Any picture in the material should be left out, while all other lines are copied exactly.
---------- Provided data ----------
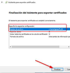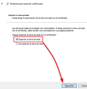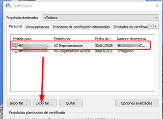 - Cogemos el Certificado de la empresa correspondiente e indicamos EXPORTAR;
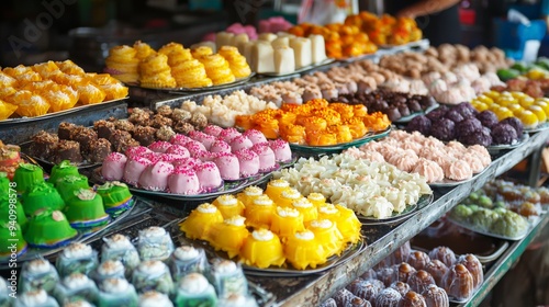 A colorful array of Vietnamese desserts displayed at a local market, showcasing the diversity of textures and flavors
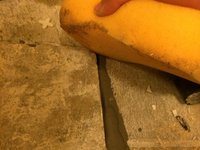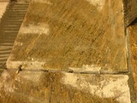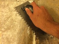 Spread the mortar on the floor in a square no larger than 3'x3' utilizing the thin, flat side of the trowel.
----------
> _Reply_
 - Cogemos el Certificado de la empresa correspondiente e indicamos EXPORTAR;
 A colorful array of Vietnamese desserts displayed at a local market, showcasing the diversity of textures and flavors
 Spread the mortar on the floor in a square no larger than 3'x3' utilizing the thin, flat side of the trowel.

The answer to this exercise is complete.